Лошадку поводили по саду, дав ей успокоить дыхание. Тьянь-По взялся сам чистить ее, называя при том «Верным Облаком» и «Прекрасной из Преданных». Лошадка дергала ушами и косила глазами. По всему было видно, что прозвища ей нравятся.
– Вы, кхитайцы, всегда держитесь так, словно у вас впереди вечность, – сказал Конан. – Ты так и не спросишь, почему я вернулся один?
– Зачем спрашивать о том, что рвется у собеседника с языка? – осведомился Тьянь-По. – Я вижу, ты готов рассказать мне сам, без всяких вопросов.
Конан махнул рукой.
– Оба этих болвана попались колдуну. Теперь он, вероятно, поджаривает их на вертеле. Меня видели его стражники, но я успел удрать.
– Интересно, – сказал Тьянь-По. – Ты не вступил с ним в схватку?
Конан поморщился.
– Мне пришлось бы убить с десяток человек. Кровь и трупы нарушили бы неповторимую гармонию пагоды на горе Размышлений.
Тьянь-По засмеялся.
– Я знаю, что гармония не имеет для тебя никакого значения, Конан! Передо мной можешь не притворяться «великим учителем».
– Ну да, – проворчал Конан, ничуть не смутившись, – я не хотел там никого убивать. Я ненавижу колдунов, ты это знаешь, но этот Тин-Фу не производит впечатления настоящего колдуна. Просто старик, который много знает. Я встречал таких. Вы, умеющие рисовать замысловатые каракули на бумаге, полагаете, будто варвару только того и надобно – размахнуться пошире да срубить кому-нибудь голову…

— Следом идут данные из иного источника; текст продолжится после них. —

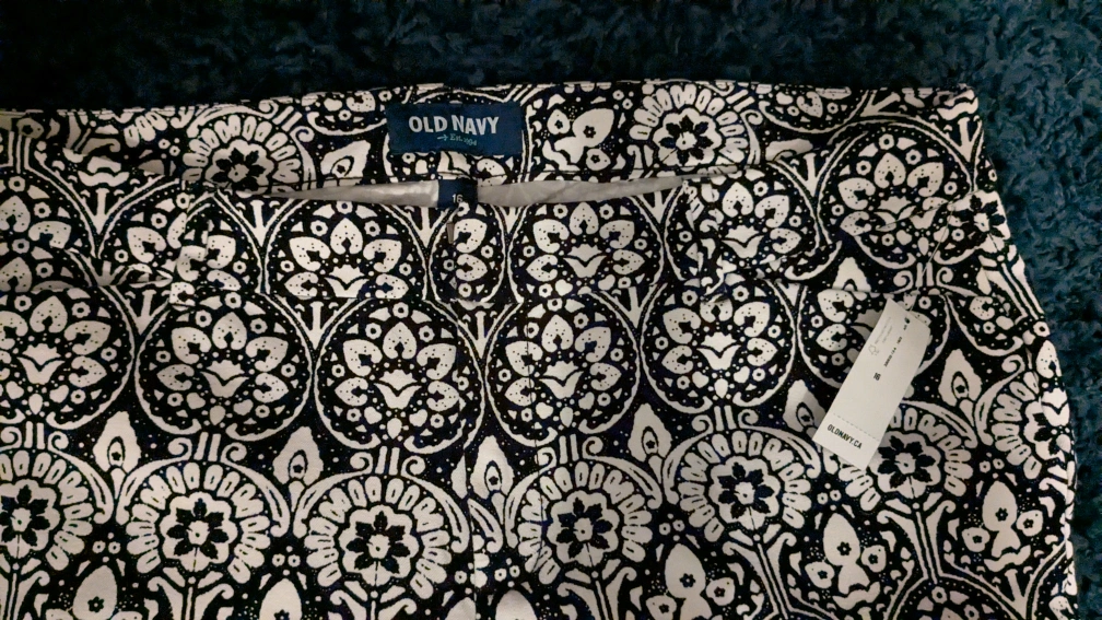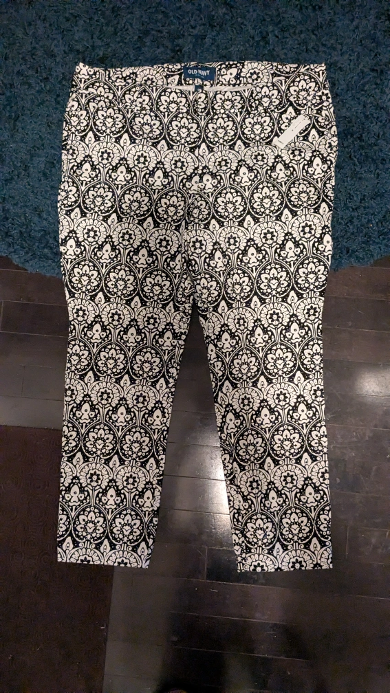 Selling a pair of Old Navy pants in size 16. They feature a stylish black and white pattern. Great for adding a bit of flair to your wardrobe!
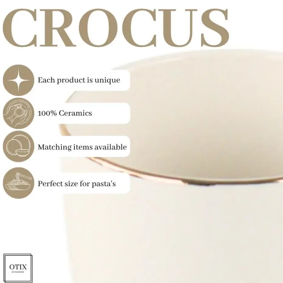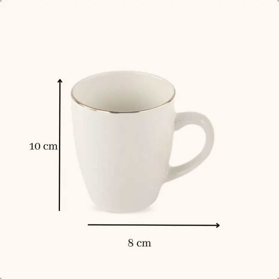 OTIX mokken set. De set van wit met gouden mokken is een set van 6 stuks. Het materiaal van de mokken is porselein, wat de mokken vaatwasser bestendig maakt. De mokken zijn wit en hebben een gouden rand aan de bovenkant.
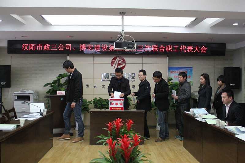 下午1時,伴隨著《國際歌》鏗鏘有力的旋律,武漢博宏建設(shè)有限公司第三屆第三次職工代表大會順利閉幕。
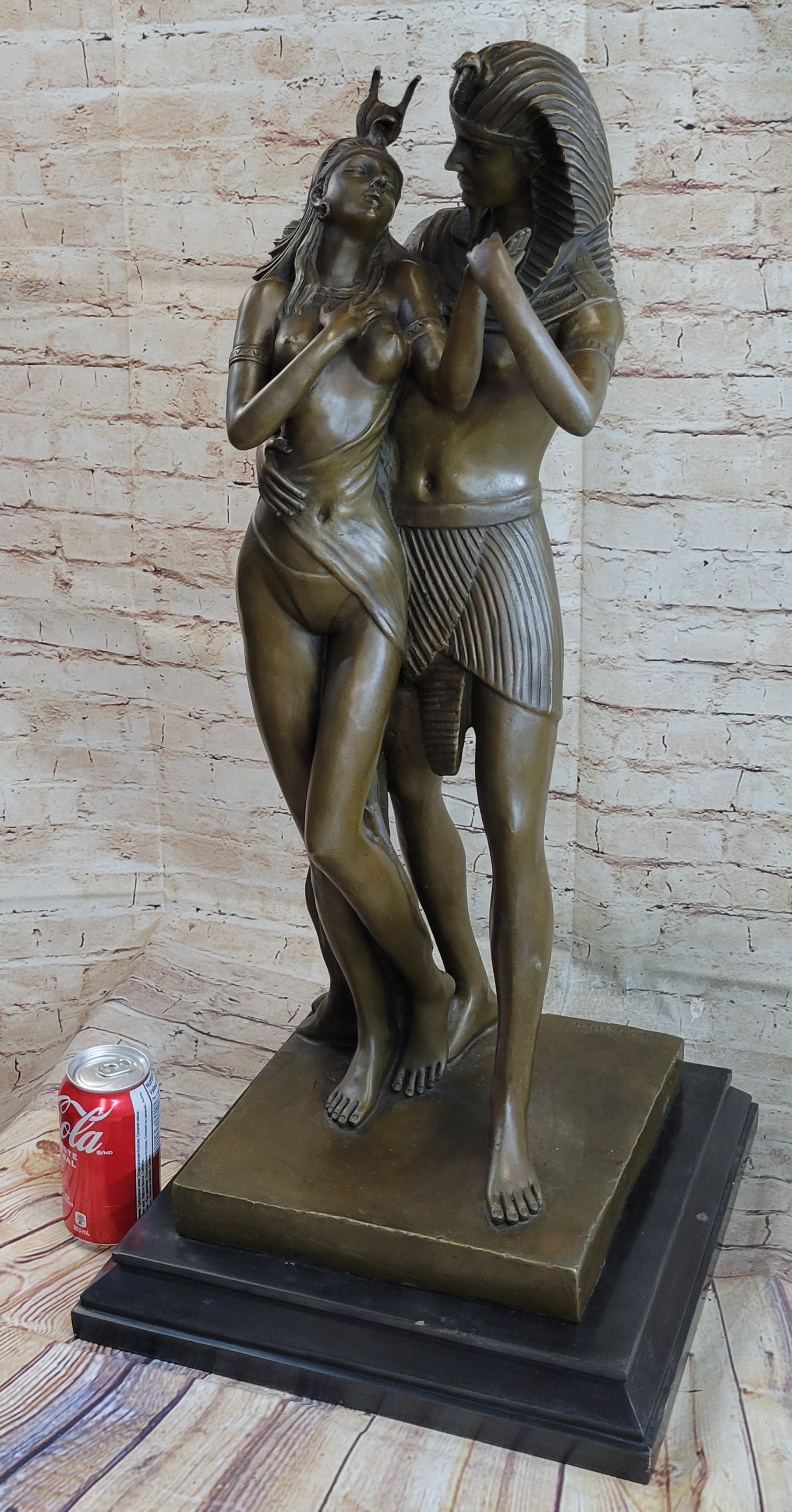 Original Ancient Egyptian King & Queen Akhenaten & Nefertiti Bronze Sculpture
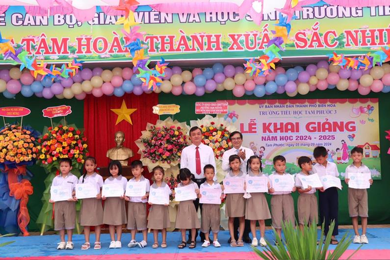 Phó Chủ tịch UBND tỉnh Nguyễn Sơn Hùng đã đến dự, đọc thư của Tổng Bí thư - Chủ tịch nước gửi ngành giáo dục nhân dịp năm học mới; tặng lẵng hoa của Tỉnh ủy -HĐND – UBND - Ủy ban MTTQ Việt Nam tỉnh cho thầy và trò nhà trường. Cùng đi có Phó Bí thư Thường trực Thành ủy Biên Hòa Huỳnh Tấn Đạt và lãnh đạo Phòng Giáo dục và Đào tạo thành phố Biên Hòa, lãnh đạo phường Tam Phước.
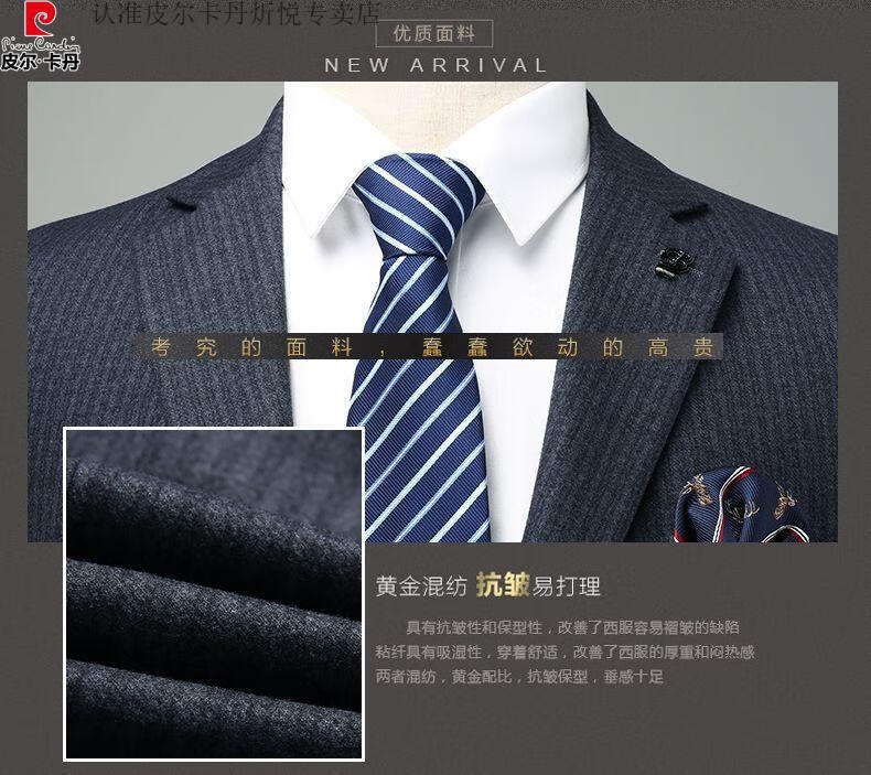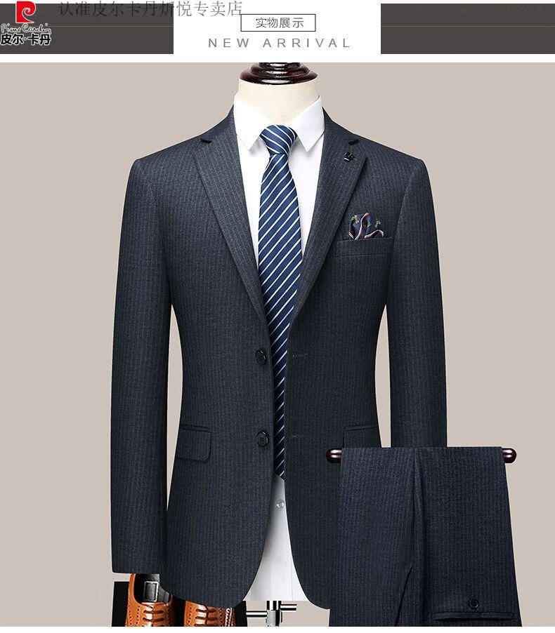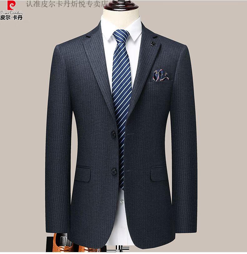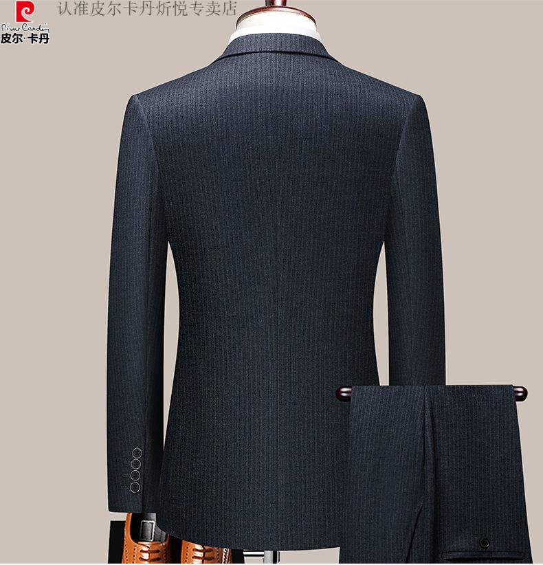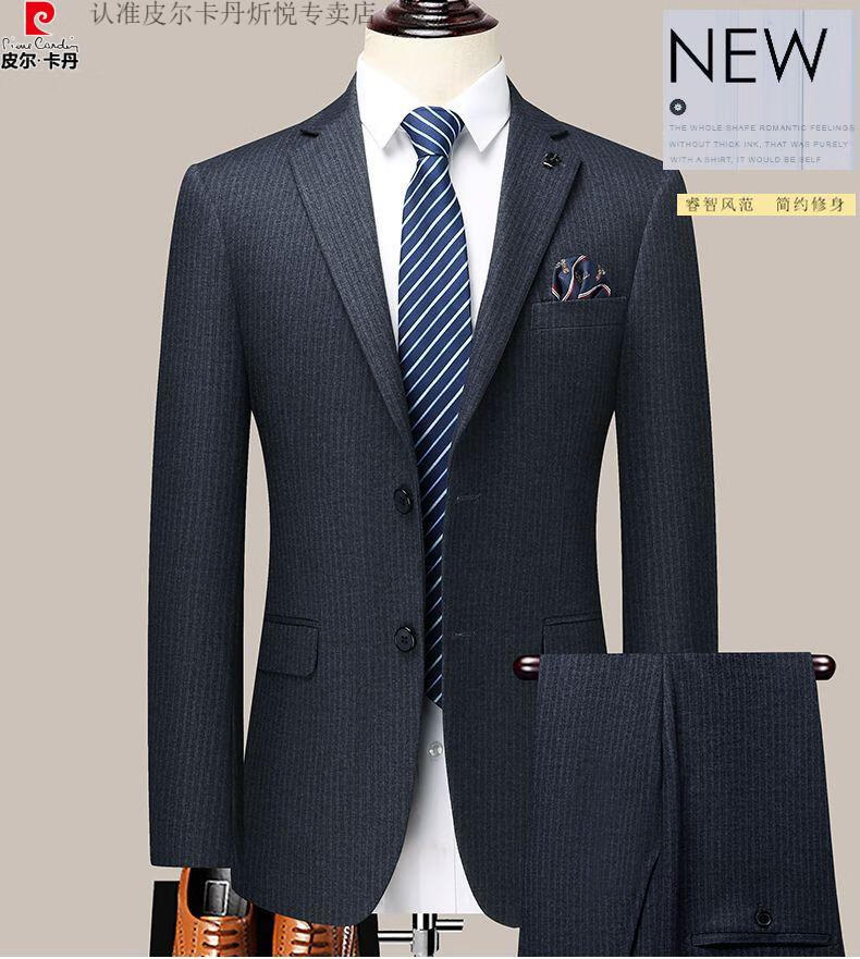 Pierre Cardin high-end 100% wool suit suit for men autumn and winter business group wool suit formal groom and groomsmen dress gray stripe 2601 slit on both sides L 175 suitable for 125-140 Jin Jin equals 0.5 kg

Тьянь-По отвел глаза. Он не хотел говорить своему другу, что тот, в принципе, угадал.
А Конан продолжал:
– Украсть золотых рыбок, умеющих исполнять желания, – дело по мне. А резать дураков, поскользнувшихся на разлитом масле, – нет уж, уволь. Я не мясник. Это ты обратился не по адресу.
– На масле? – не понял Тьянь-По.
Конан досадливо поморщился.
– Твои доблестные ученики уронили и разбили сосуд с маслом. Все растеклось по полу. Любоваться на битву дураков с дураками, скользящих по маслу, – истинное удовольствие для человека с крепкой душой. Я едва не лопнул со смеху.
– А где ты сам-то находился? – чуть прищурил и без того узкие глаза Тьянь-По.
Конан ничуть не смутился. Недаром он был вором со стажем.
– Поблизости. Я руководил битвой. В результате… мы проиграли. – Он вздохнул. – Я едва унес ноги. Твои ученики в руках старика. Я не оставил бы их там, если бы не был уверен в том, что им не грозит опасность.
Тьянь-По приподнялся. Костяными щипчиками взял с подносика засушенную розочку, осторожно положил ее в чай. Напиток сразу стал испускать новый, тонкий аромат. Конан раздул ноздри, как будто запах неприятно тревожил его.
– Ты уверен, что им не грозит опасность? – переспросил Тьянь-По и отхлебнул чая.
– Да. Я посмотрел на этого Тин-Фу, – сказал Конан. – Цветочки, птички, борода белая… Больше похоже на сказку, чем на страшную историю с убийствами. Он любит загадки, искусство… каллиграфию…
– Каллиграф каллиграфу глаз не выколет, – сказал Тьянь-По задумчиво. – Хотя… как знать! Что ты предлагаешь делать дальше, Конан?
– Попробую подобраться к нашему мудрецу с воздуха, – сказал Конан. – Пока я уносил ноги, у меня в голове появилось несколько свежих мыслей.
– Должно быть, ветром надуло, – сказал Тьянь-По.
В этот момент в сад вбежал человек. Он был весь покрыт потом, халат на его спине потемнел, по лбу катились крупные капли.
– Кто ты? – спросил Тьянь-По, приподнимаясь на подушках.
Конан тревожно коснулся рукояти меча. Хоть они и сидели в саду, окруженные карликовыми деревьями, цветами, крошечными прудами и красиво выложенными камнями, в мире тишины, созерцания и безопасности, с мечом варвар не расставался. Тьянь-По давно привык к этой особенности своего приятеля, и его она не смущала.
Человек, загнанно дыша, уставился на Тьянь-По.